GIVEN MATERIAL

----

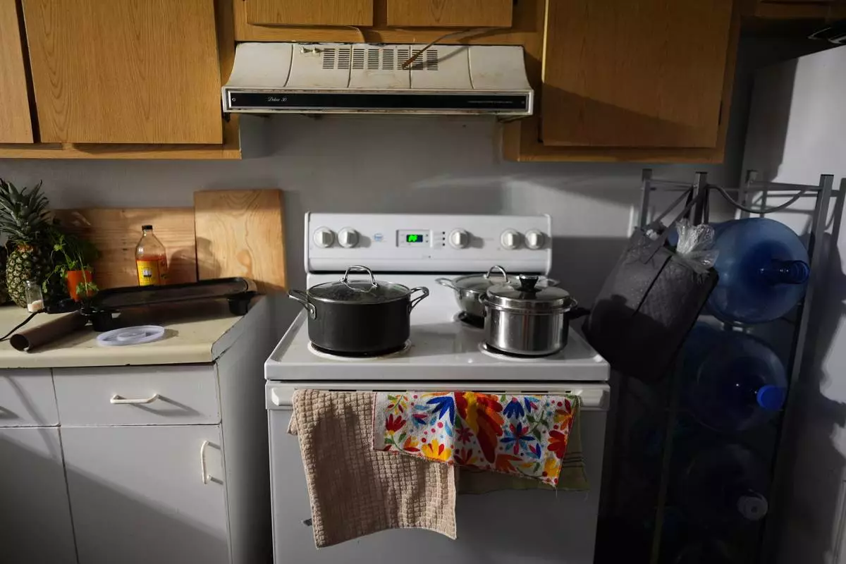 Pots containing food cooked for the family sit on top of the stove in the home of Mexican asylum seeker Blanca, Wednesday, Aug. 20, 2025, in Apopka, Fla. (AP Photo/Rebecca Blackwell)
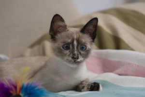 Es una gatita muy dulce, tiene unos cuatro meses y medio, es muy juguetona y dulce.
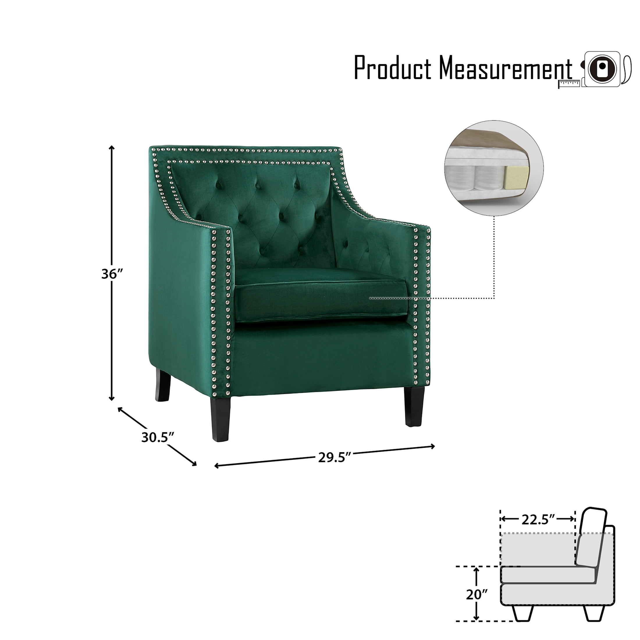 Accent Chair / Armchair Pine wood and plywood frame Forest green velvet fabric upholstery Sloped arms and straight back Diamond button tufted back Chrome finished nailhead trim Black finished rubber wood legs Cushion Construction Back Cushion (Attached): Foam; Seat Cushion (Reversible): Pocket Coil; Foam; Dacron; Product Dimension Overall Dimension: 29.5 x 30.5 x 36H inch Seat Width: 21.5 inch Seat Depth: 22.5 inch Seat Height: 20 Inch Other Specification Weight Capacity: 300 lbs Assembly Required: Yes Shipping Information Piece(s) per Box: 1 piece Box(es) per Shipment: 1 box Doorway Width: 31 inch Product Care Instruction Clean with dry cleaning solvent only Latourell Collection Accent Chair Disclaimer Please allow 0.5-1 inch difference due to manual measurement Product color may slightly vary due to photographic lighting sources or your monitor setting Documentation Installation Manual
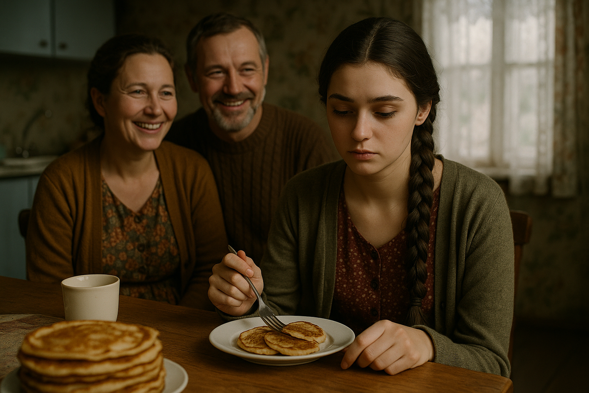 А я сидела за родным кухонным столом, ела блинчики и думала — через час-два этот мир рухнет. Их спокойная размеренная жизнь перевернётся, как перевернулась моя.

----

TASK INSTRUCTIONS
Return each line from the material above exactly, but not the pictures.

WRITTEN REPLY
 Pots containing food cooked for the family sit on top of the stove in the home of Mexican asylum seeker Blanca, Wednesday, Aug. 20, 2025, in Apopka, Fla. (AP Photo/Rebecca Blackwell)
 Es una gatita muy dulce, tiene unos cuatro meses y medio, es muy juguetona y dulce.
 Accent Chair / Armchair Pine wood and plywood frame Forest green velvet fabric upholstery Sloped arms and straight back Diamond button tufted back Chrome finished nailhead trim Black finished rubber wood legs Cushion Construction Back Cushion (Attached): Foam; Seat Cushion (Reversible): Pocket Coil; Foam; Dacron; Product Dimension Overall Dimension: 29.5 x 30.5 x 36H inch Seat Width: 21.5 inch Seat Depth: 22.5 inch Seat Height: 20 Inch Other Specification Weight Capacity: 300 lbs Assembly Required: Yes Shipping Information Piece(s) per Box: 1 piece Box(es) per Shipment: 1 box Doorway Width: 31 inch Product Care Instruction Clean with dry cleaning solvent only Latourell Collection Accent Chair Disclaimer Please allow 0.5-1 inch difference due to manual measurement Product color may slightly vary due to photographic lighting sources or your monitor setting Documentation Installation Manual
 А я сидела за родным кухонным столом, ела блинчики и думала — через час-два этот мир рухнет. Их спокойная размеренная жизнь перевернётся, как перевернулась моя.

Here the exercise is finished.